If I may suggest an analogy to frame this differently — gay rights. One response to anti-gay violence was traditionally to warn gays against “deliberate provocation.” “Don’t rub it in people’s faces.” “Stay in the closet.” Yet, I think the whole “queer” movement — “We’re here, we’re queer, get used to it” — was beneficial. Yet, for years, people considered queer activists, with their in-your-face attitude as a counter-productive attention-whores. The mainstream condemned Larry Kramer, for instance. He was even reviled in “moderate” gay circles. We now consider him a visionary. A provocateur, yes. But undoubtedly one of the most important figures in the fight for gay rights.

I don’t know. Frankly, I hate to defend Geller. And yet, and yet, and yet… Islamist attacked on authors, cartoonists, filmmakers and politicians, cannot be tolerated, cannot be accepted. They are much too common. They must be confronted.

From TPM Writer JM

Look at what I said about if you’re a Mohammad cartoonist and realize what I meant. No one should be intimidated. And frankly I don’t think many people do feel intimidated here as opposed to in Europe. But what about those people? That’s a real thing. And that’s my point. Let’s distinguish between things that are real – trampling of free expression and our values – as opposed to a toxic and bigoted clown like Geller. Are we really afraid that without Geller not enough things will happen to offend Muslim radicals that they won’t get the point?

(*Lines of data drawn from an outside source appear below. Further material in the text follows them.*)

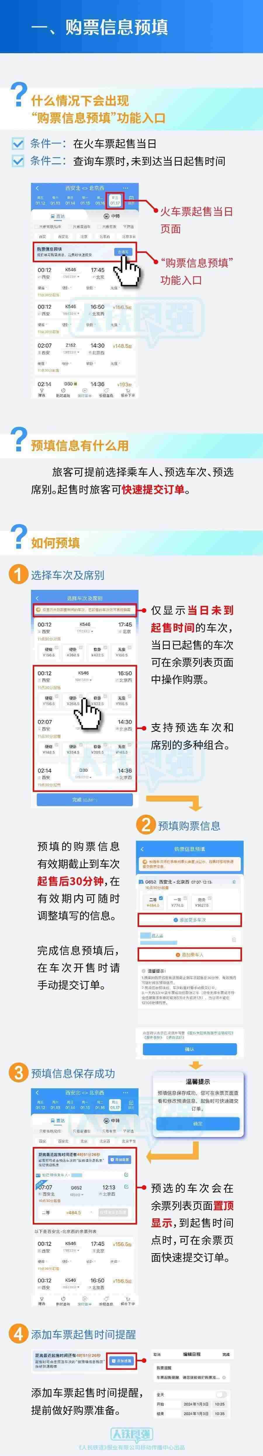 旅客朋友可于車票起售當日,預先填寫乘車人、車次、席別等信息,在車票開始發(fā)售時一鍵提交訂單并完成支付,使旅客購票更便捷。
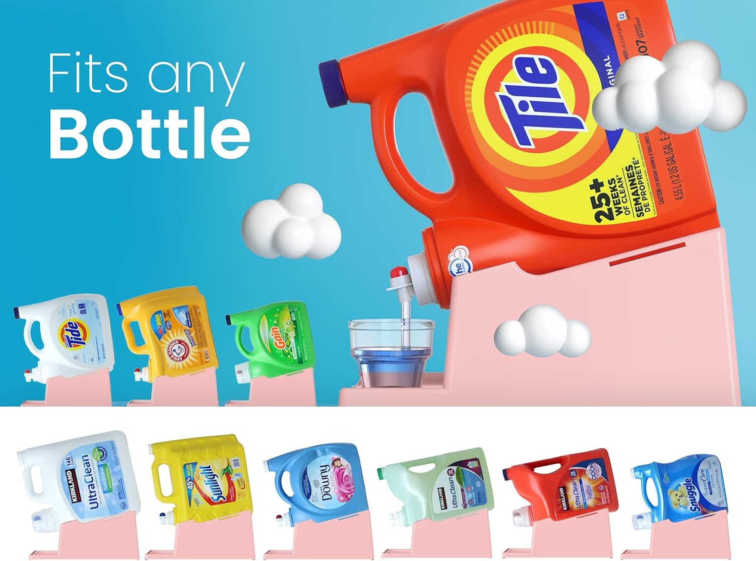 • [Versatile Fit:] The liquid laundry detergent holder station's optimal size (7.9"L x 12.2"W x 5.5"H) accommodates various bottle sizes, providing a perfect fit for most detergent containers without taking up too much space. (Laundry Soap, Cup, and Bottles NOT Included)
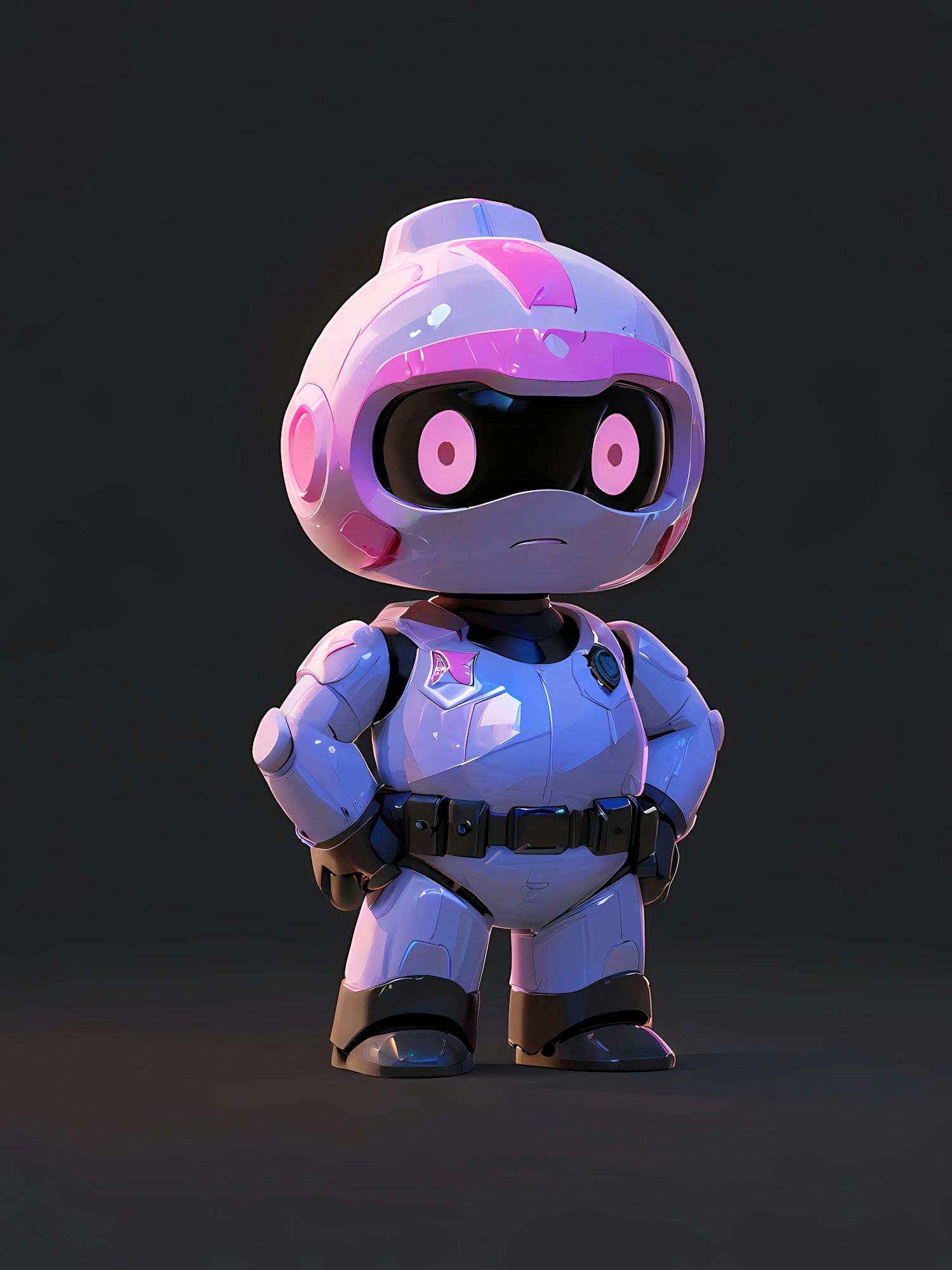 Adorable 3D robot with pink and white armor, expressive eyes, and a confident pose. Perfect for futuristic or sci-fi themes.

I dashed this off on my iPhone while I was out grabbing a snack. So I wrote quickly. But here is my point. I genuinely don’t care what Geller does or says. What I do care about is preserving my right to identify her as a clown and a bigot and not pretend that she’s some sort of free speech advocate or anything else but a toxic moron. She is not some intemperate player on the side of a righteous cause. She’s just a clown – mainly motivated by hate and ego hoping to pull extremists out of the woodwork for her own doofus glory.